Ichiriki in Kyoto, Japan

The Ichiriki teahouse.

The Gion district of Kyoto is a famed hanamachi—”flower town”—where numerous geisha establishments stand next to one another. Traditionally, the geishas of Kyoto entertain guests through dancing and conversation (or flirtation) at high-end restaurants called o-chaya, or “teahouses.” The most notable in the district may be the Ichiriki, an exclusive, invitation-only club.

Established in the late 17th century, the Ichiriki has been run by the Sugiura family since the beginning of the Gion district—14 generations so far. It quickly became a place frequented by men of status and power. Notoriously, the teahouse has played a role in the Akō incident, which inspired the story of Chūsingura, commonly referred to as the revenge of the 47 rōnin.

After their lord was forced to commit seppuku, or ritual suicide, 47 samurai warriors who served him started to plan revenge. The leader of the band, Ōishi Kuranosuke, fled to Kyoto in an attempt to divert suspecting eyes in Edo (Tokyo). He spent many nights at the Ichiriki, earning a reputation as a drunk gambler. When the suspicion was cleared, Kuranosuke returned to Edo and led his band in an attack on Lord Kira’s residence. Revenge successfully executed, the band of rōnin was forced to commit seppuku shortly after the incident.

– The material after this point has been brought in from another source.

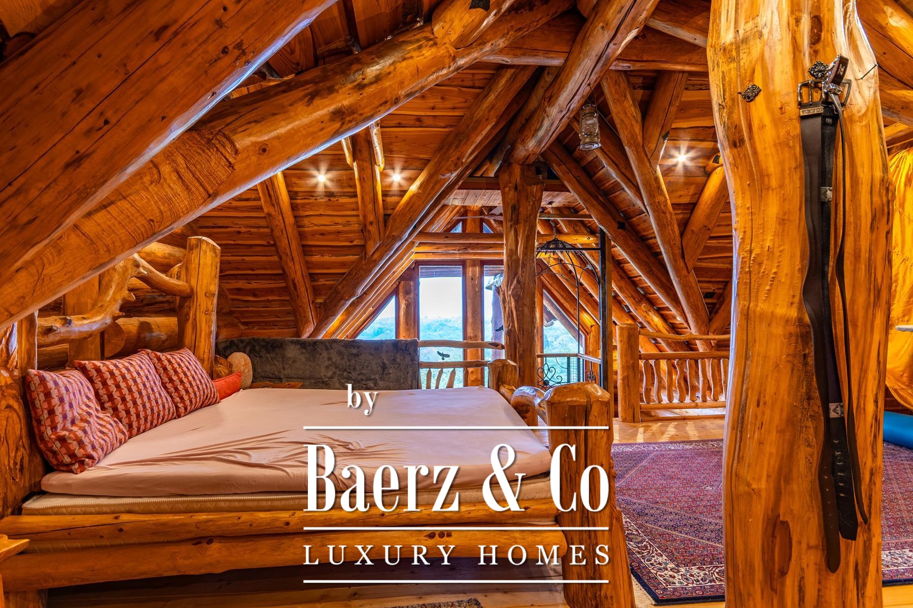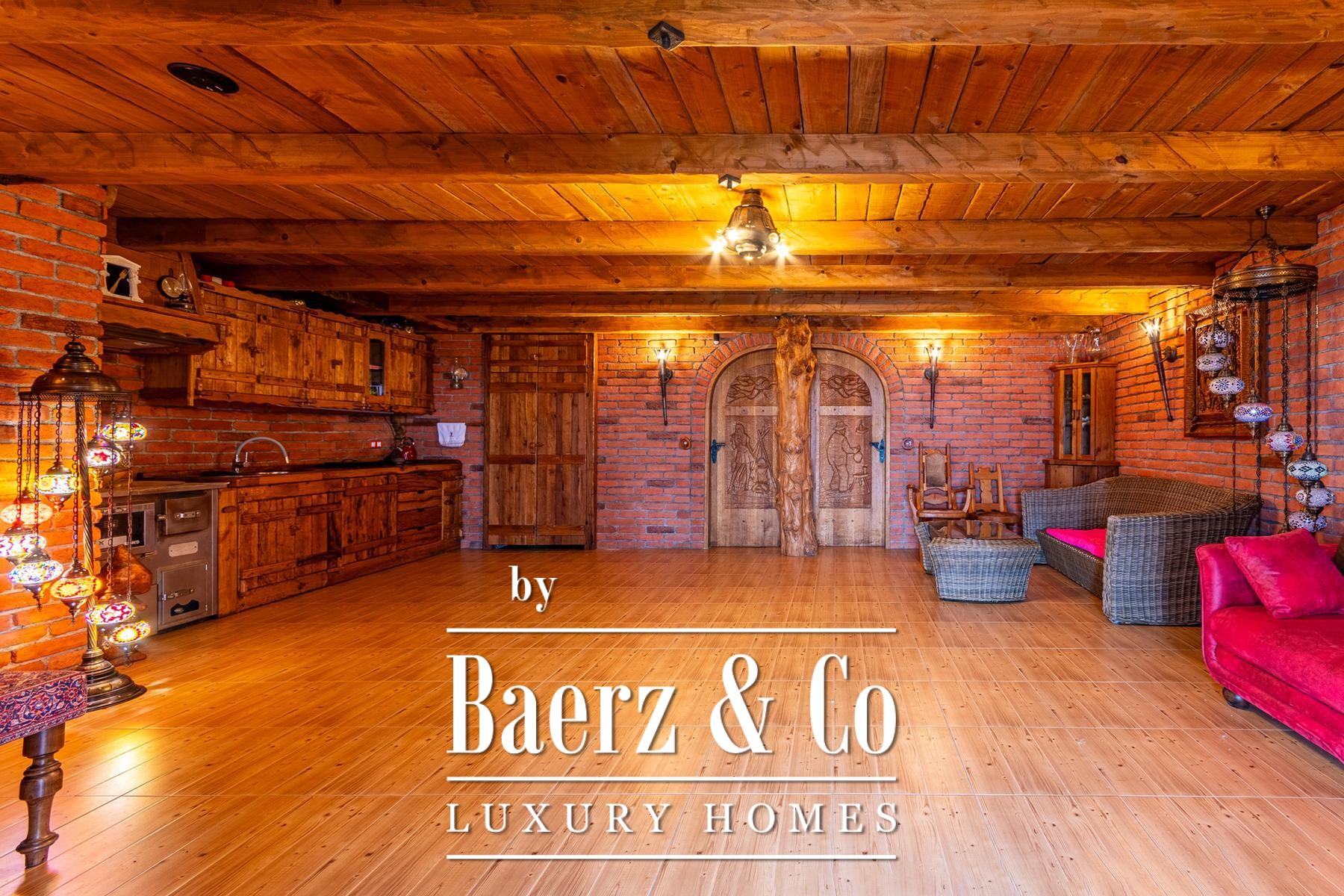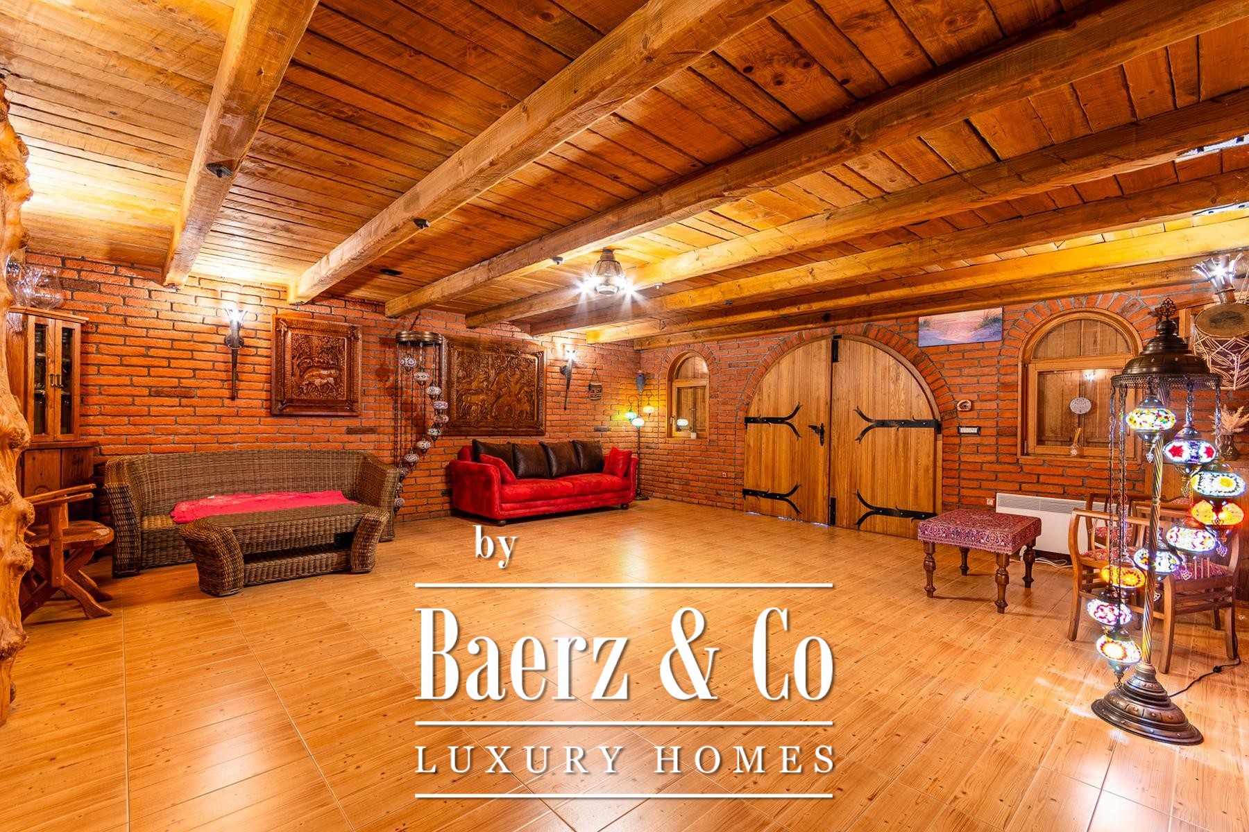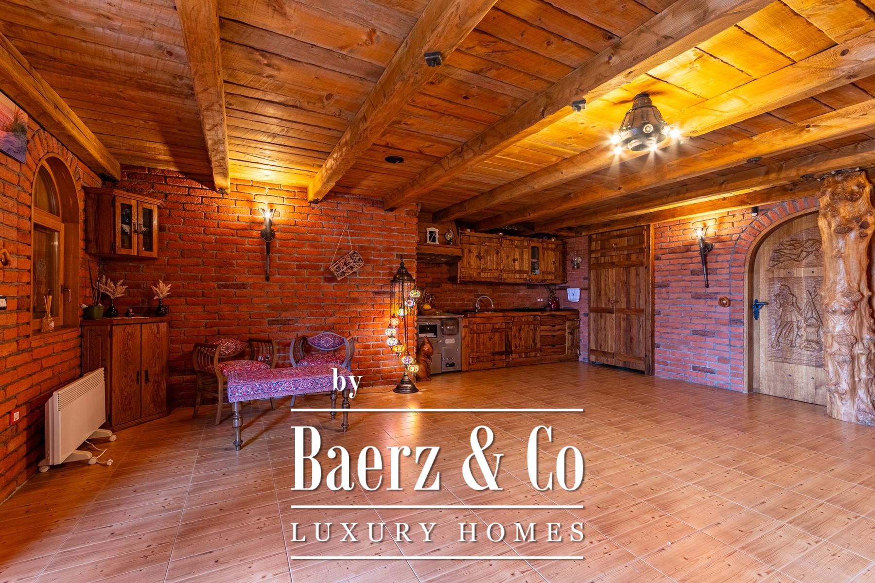 an outdoor toilet. This unique log house, considered by many as one of the most beautiful in Europe, offers more than just a property - it provides an experience.Set on a 3,500 m² plot surrounded by forest and vineyards, the property boasts carefully landscaped grounds. It offers complete privacy, breathtaking panoramic views, and a lush green oasis with a variety of fruit trees - apples, plums, figs, aronia, raspberries, and many more.For more information or to arrange a viewing, please feel free to contact us.

The name “Ichiriki” also has a relation to the 47 rōnin. Originally, the establishment was called the Yorozu-ya (万屋), meaning “general store,” and its entrance had a sign with 万 written on it. In the bunraku puppet play Kanadehon Chūshingura, which was composed in 1748 and based on the Akō incident, it appeared as Ichiriki (一力), parodying the Yorozu-ya sign, perhaps to avoid comparison to its real-life counterpart. The play became a huge hit, however, and eventually the teahouse adopted the popular name.

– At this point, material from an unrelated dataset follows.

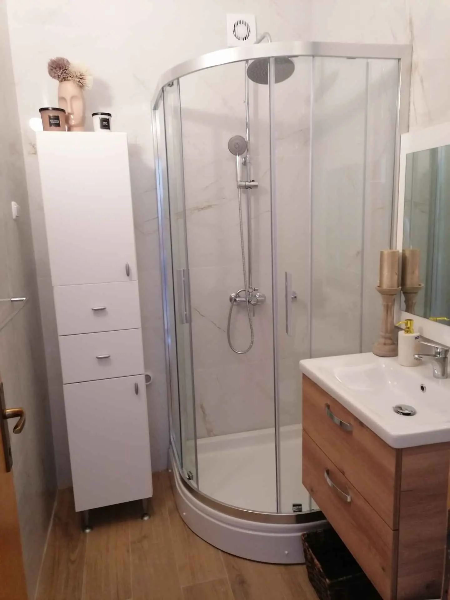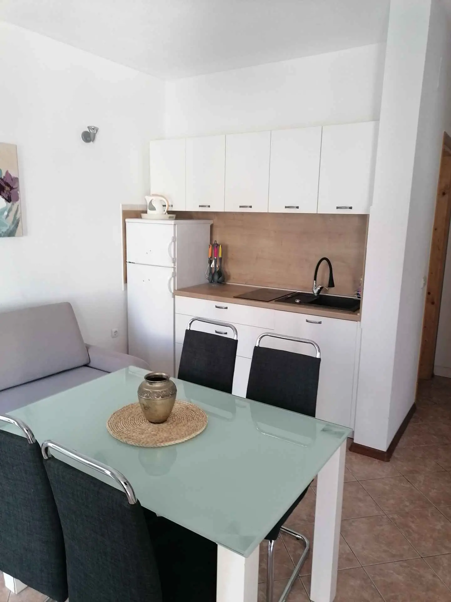 Eiendommen består av 2 leiligheter til leie. Veldig rimelige eiere, alt gjøres etter avtale. I hver leilighet har du ekstraseng for ytterligere to personer, 4 + 2 (prisen er den samme). Naturlig og inngjerdet hage for barn og kjæledyr. Leilighetene har: Bad med dusj, håndklær, desinfiserende middel. Kjøkkenet inneholder komfyr, vannkoker, bestikk og kokemuligheter. Kjøkkenhåndklær og håndklær. 2 soverom atskilt med dobbeltsenger, stort skap som ligger i gangen. Stue / spisestue i stue, TV og sofa, spisebord. 1 terrasse med utendørs bord og parasoll. Balkongen ligger på siden av soverommet.

Over the course of its history, access to the Ichiriki has been the height of exclusivity and luxury, and remains so. Many of its patrons have ties to the teahouse that can be traced back several generations, and it is said to be nearly impossible to join. As is customary, the “teahouse” does not provide tea or food, except drinks served by the geisha.

For a brief period of a few nights in 2006, the Ichiriki and four other o-chaya offered general access to a small number of tourists without invitation or accompaniment of patrons. This was part of the Kyoto City Tourist Association’s special program, and the tickets—which were limited to 30 and cost ¥40,000—sold out quickly. While it is uncertain if such opportunity will arise again, it suggests that it is not impossible to visit the Ichiriki—only extremely difficult.